** Opening Information supplied block **

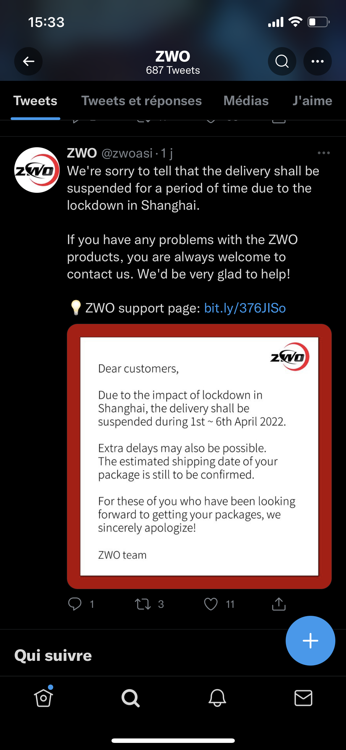 ZWO a annoncé hier que les envois seraient bloqués pendant une semaine
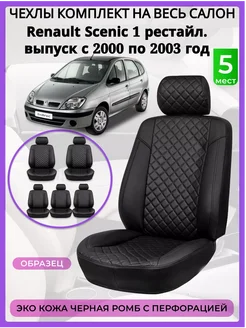 Чехлы сиденья Renault Scenic 1 рест экокожа черная ромб
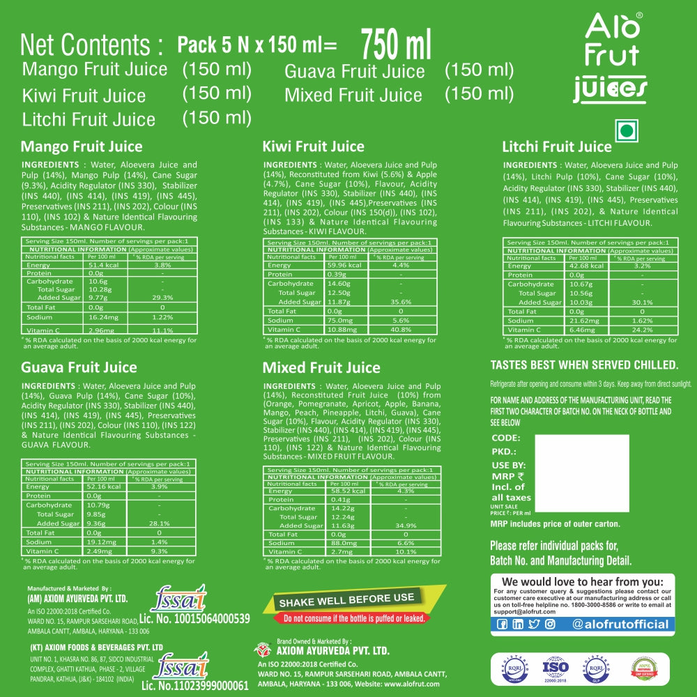 Description : Alofrut Celebration Gift Pack offers a delightful assortment of 5 refreshing fruit juices – Mango, Kiwi, Litchi, Guava, and Mixed Fruit – in 150ml bottles. Perfect for gifting, this premium juice combo brings taste and health together in every sip.Each juice is crafted with fruits and aloe vera chunks, offering a perfect balance of taste and wellness benefits.
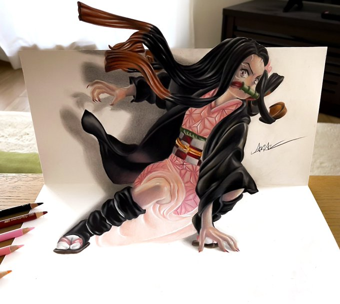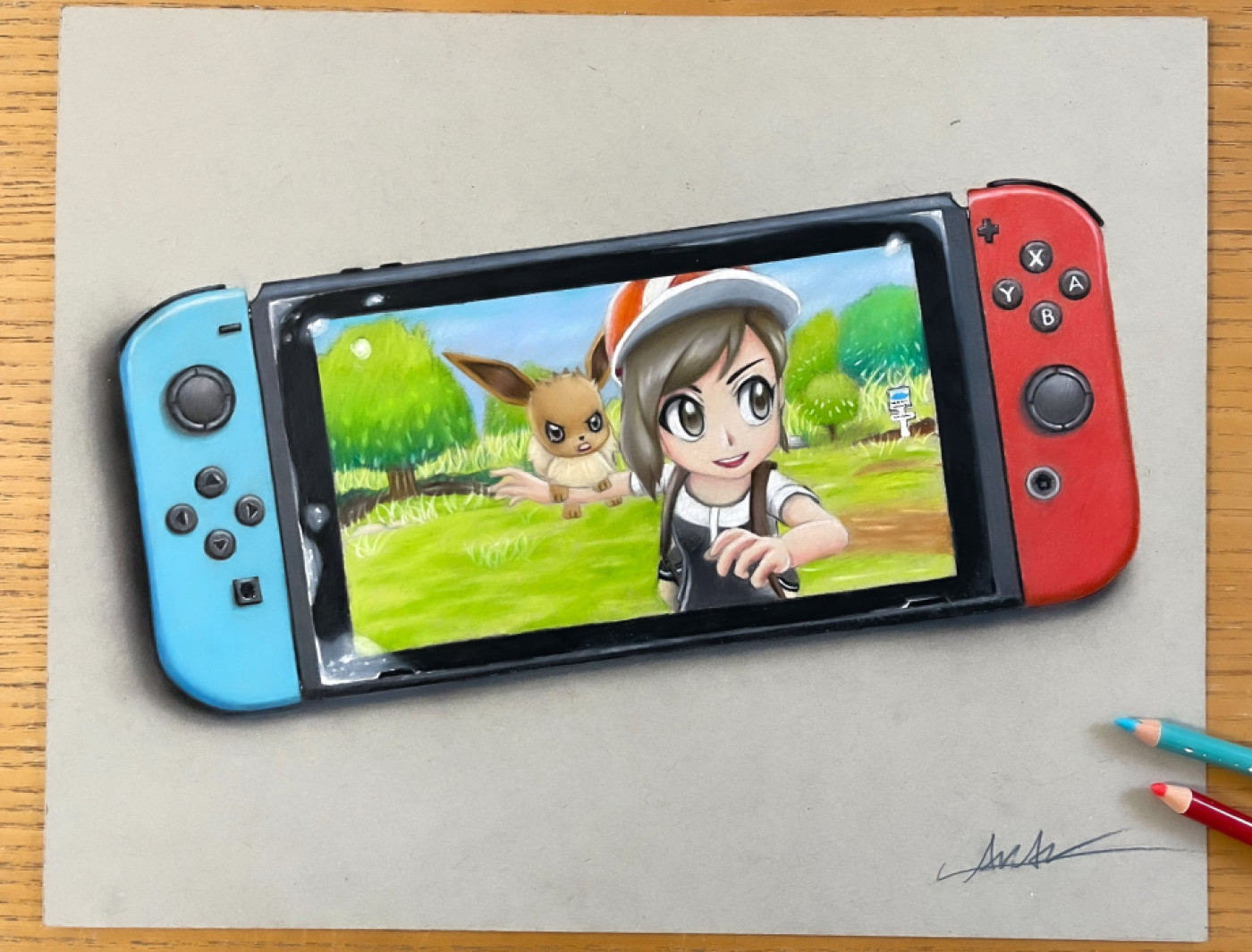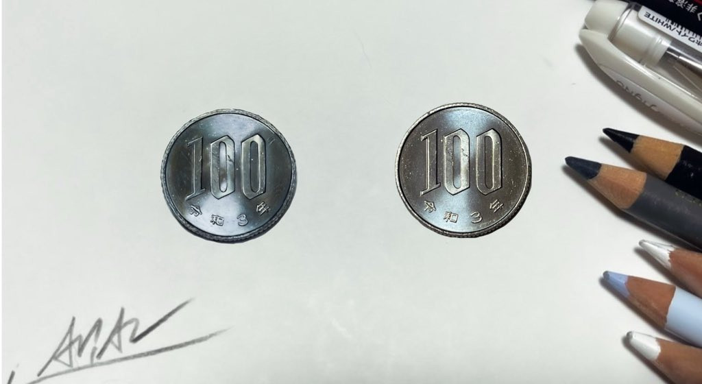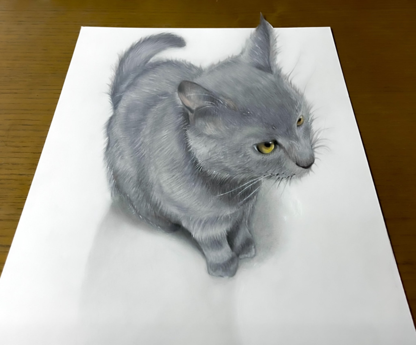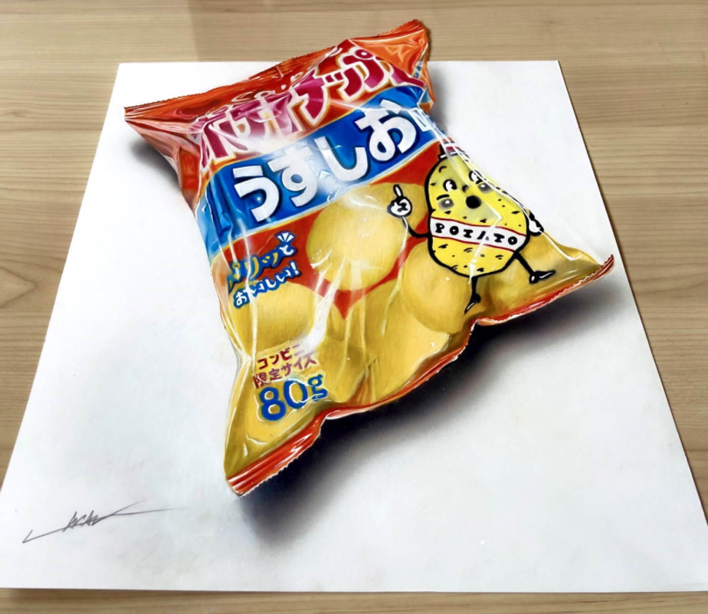 They post their drawings on Twitter with the phrase “本物に見えたら嬉しい...!!!” which means “I’d be thrilled if you think it looks real.” And they definitely look real, so much that the videos often accompanying the posts where they roll colored pencils over the drawing are quite jarring. It’s like an optical illusion in a sense.
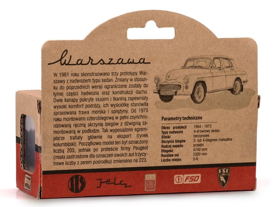 Warszawa 223 is een model van de bekende Poolse auto, die in 1961 werd ontworpen met een sedan carrosserie. Het elegante ontwerp en de zorgvuldig uitgewerkte details maken het een ideale aanvulling voor elke modelautoverzameling. De belangrijkste kenmerken van dit model zijn onder andere:
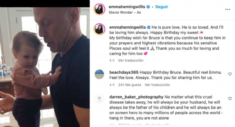“Él es puro amor. Él es tan amado. Y lo estaré amando siempre. Feliz cumpleaños, mi dulce”, comenzó Emma Heming en su publicación. “Mi deseo de cumpleaños para Bruce es que continúes manteniéndolo en tus oraciones y en las vibraciones más altas porque su alma sensible de piscis lo sentirá”, siguió la modelo finalizando con un agradecimiento por “amarlo y cuidarlo también”.
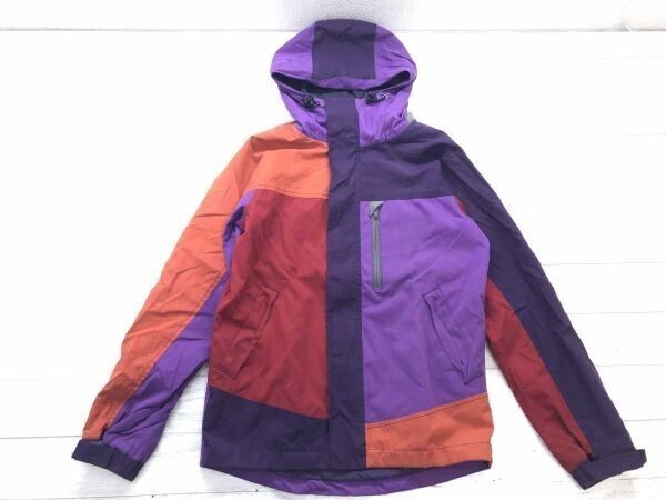 > ジーユー GU アメカジ アウトドア レジャー 配色切替 クレイジーパターン マウンテンパーカー ジャケット メンズ 綿混合 S オレンジ紫赤

** Closing Information supplied block **

- Exercise brief -
Every line above is to be written out unchanged, with the pictures omitted.

- Solution to this exercise -
 ZWO a annoncé hier que les envois seraient bloqués pendant une semaine
 Чехлы сиденья Renault Scenic 1 рест экокожа черная ромб
 Description : Alofrut Celebration Gift Pack offers a delightful assortment of 5 refreshing fruit juices – Mango, Kiwi, Litchi, Guava, and Mixed Fruit – in 150ml bottles. Perfect for gifting, this premium juice combo brings taste and health together in every sip.Each juice is crafted with fruits and aloe vera chunks, offering a perfect balance of taste and wellness benefits.
 They post their drawings on Twitter with the phrase “本物に見えたら嬉しい...!!!” which means “I’d be thrilled if you think it looks real.” And they definitely look real, so much that the videos often accompanying the posts where they roll colored pencils over the drawing are quite jarring. It’s like an optical illusion in a sense.
 Warszawa 223 is een model van de bekende Poolse auto, die in 1961 werd ontworpen met een sedan carrosserie. Het elegante ontwerp en de zorgvuldig uitgewerkte details maken het een ideale aanvulling voor elke modelautoverzameling. De belangrijkste kenmerken van dit model zijn onder andere:
“Él es puro amor. Él es tan amado. Y lo estaré amando siempre. Feliz cumpleaños, mi dulce”, comenzó Emma Heming en su publicación. “Mi deseo de cumpleaños para Bruce es que continúes manteniéndolo en tus oraciones y en las vibraciones más altas porque su alma sensible de piscis lo sentirá”, siguió la modelo finalizando con un agradecimiento por “amarlo y cuidarlo también”.
 > ジーユー GU アメカジ アウトドア レジャー 配色切替 クレイジーパターン マウンテンパーカー ジャケット メンズ 綿混合 S オレンジ紫赤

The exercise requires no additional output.